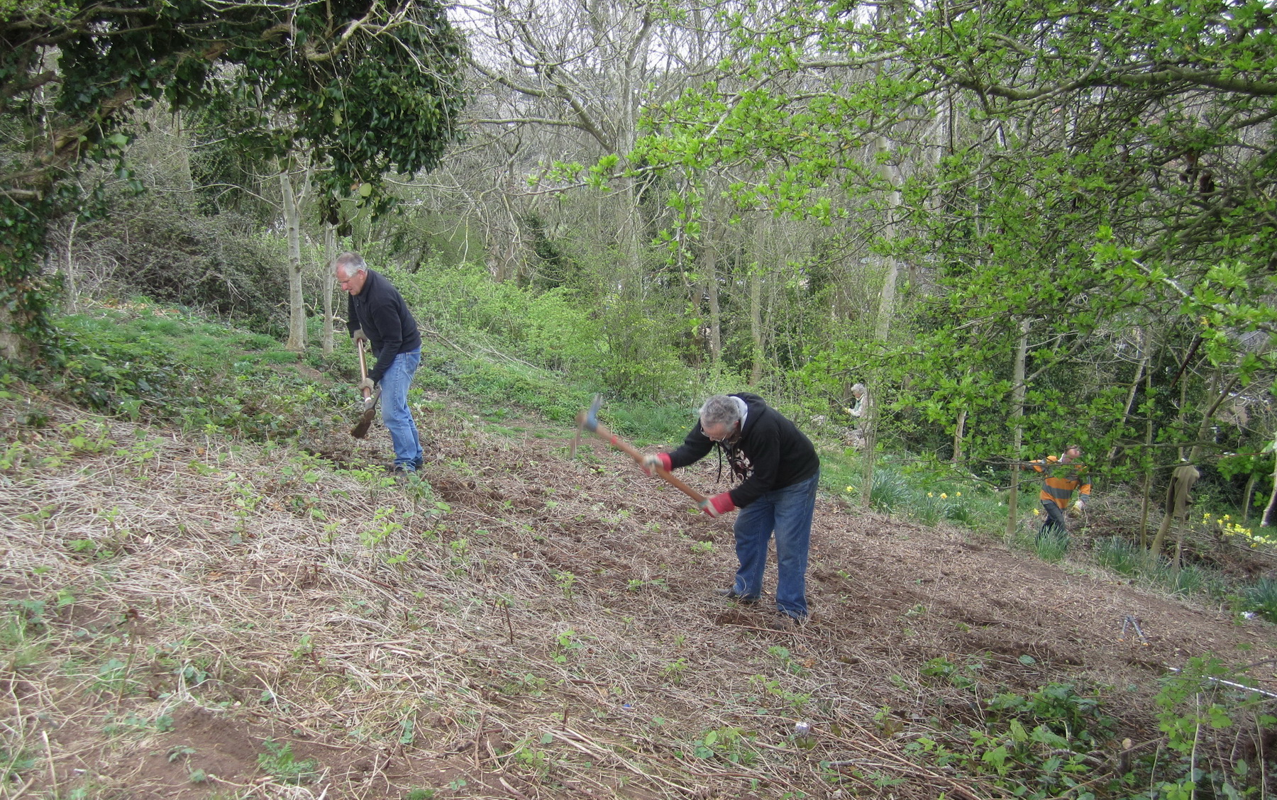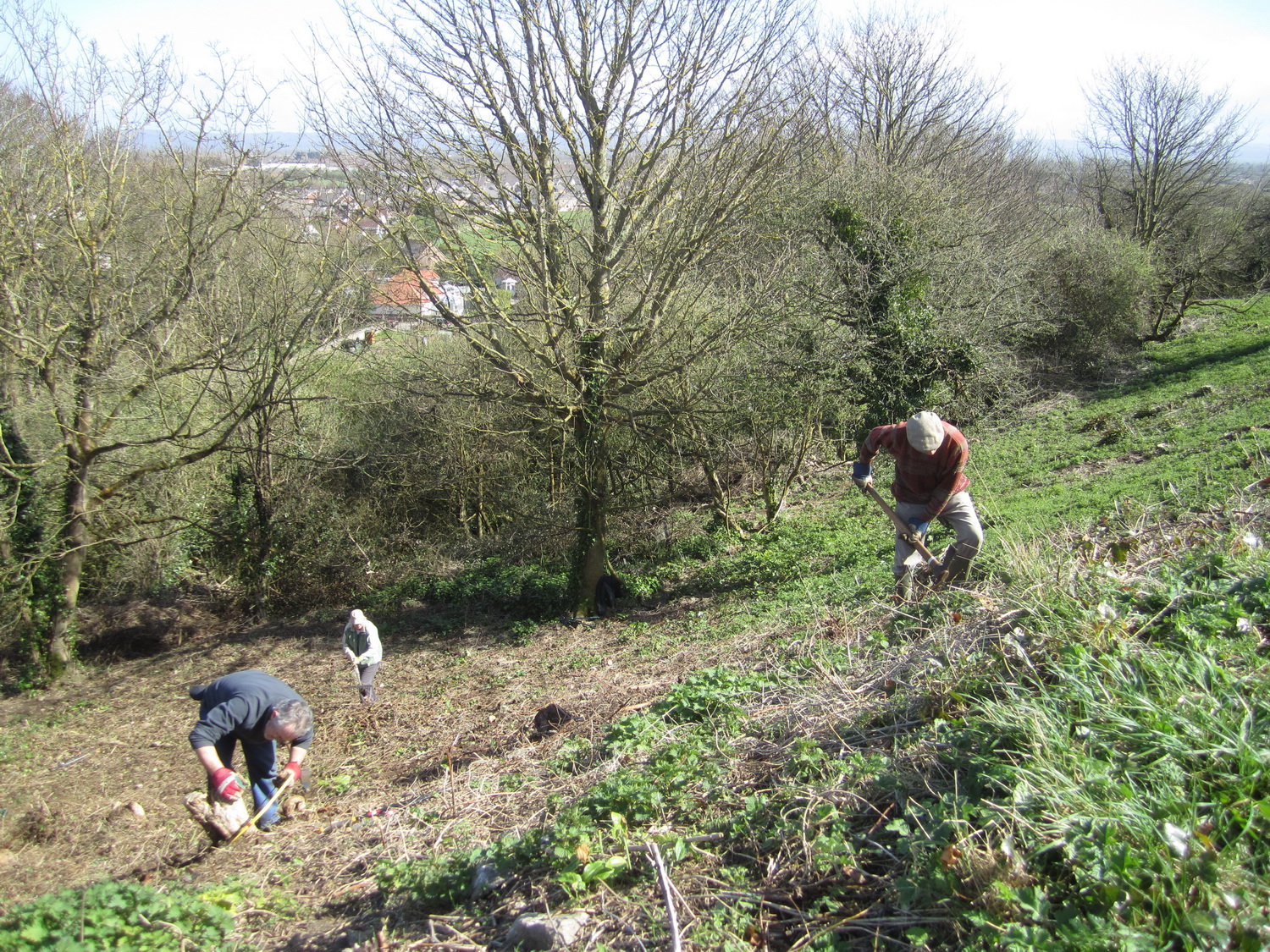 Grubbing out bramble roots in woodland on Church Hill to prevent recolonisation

* * *

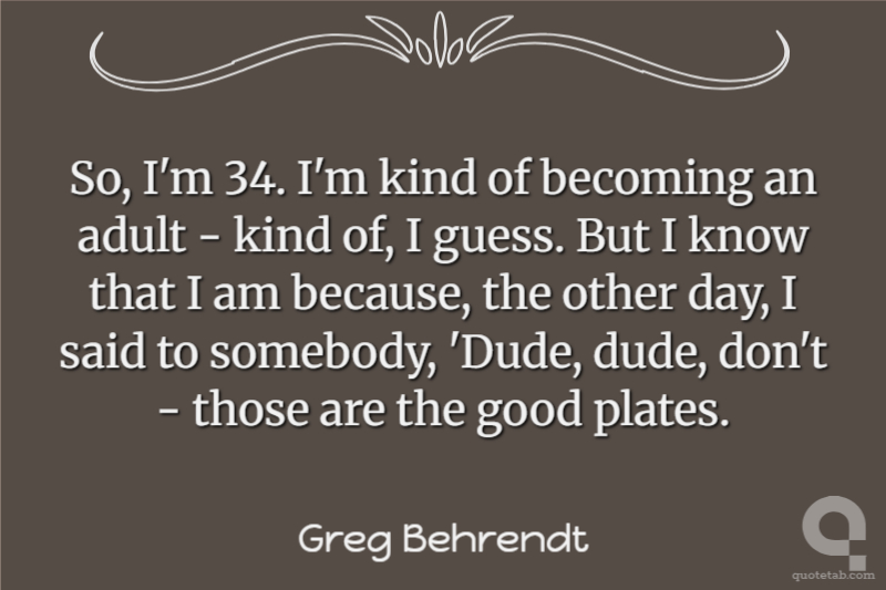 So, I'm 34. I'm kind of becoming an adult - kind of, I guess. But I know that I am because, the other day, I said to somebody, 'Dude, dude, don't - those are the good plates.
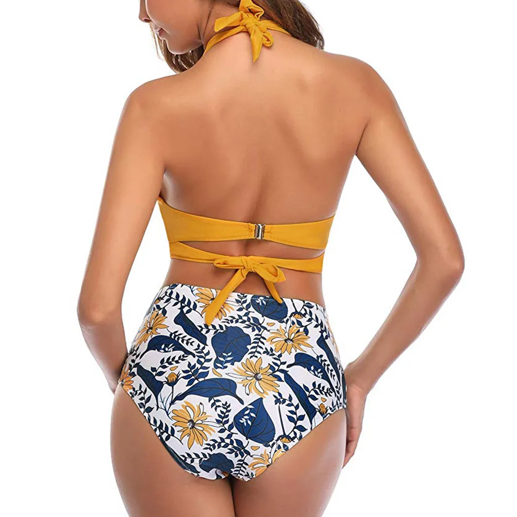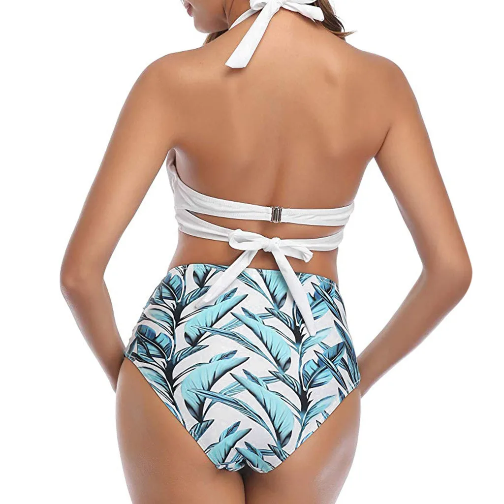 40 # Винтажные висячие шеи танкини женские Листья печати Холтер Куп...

What is needed: Using the records above, print exactly the run of lines that starts with the line with "So, I'm 34." and goes on through the line with "40 # Винтажные", pictures excluded.

Solution for this problem:
 So, I'm 34. I'm kind of becoming an adult - kind of, I guess. But I know that I am because, the other day, I said to somebody, 'Dude, dude, don't - those are the good plates.
 40 # Винтажные висячие шеи танкини женские Листья печати Холтер Куп...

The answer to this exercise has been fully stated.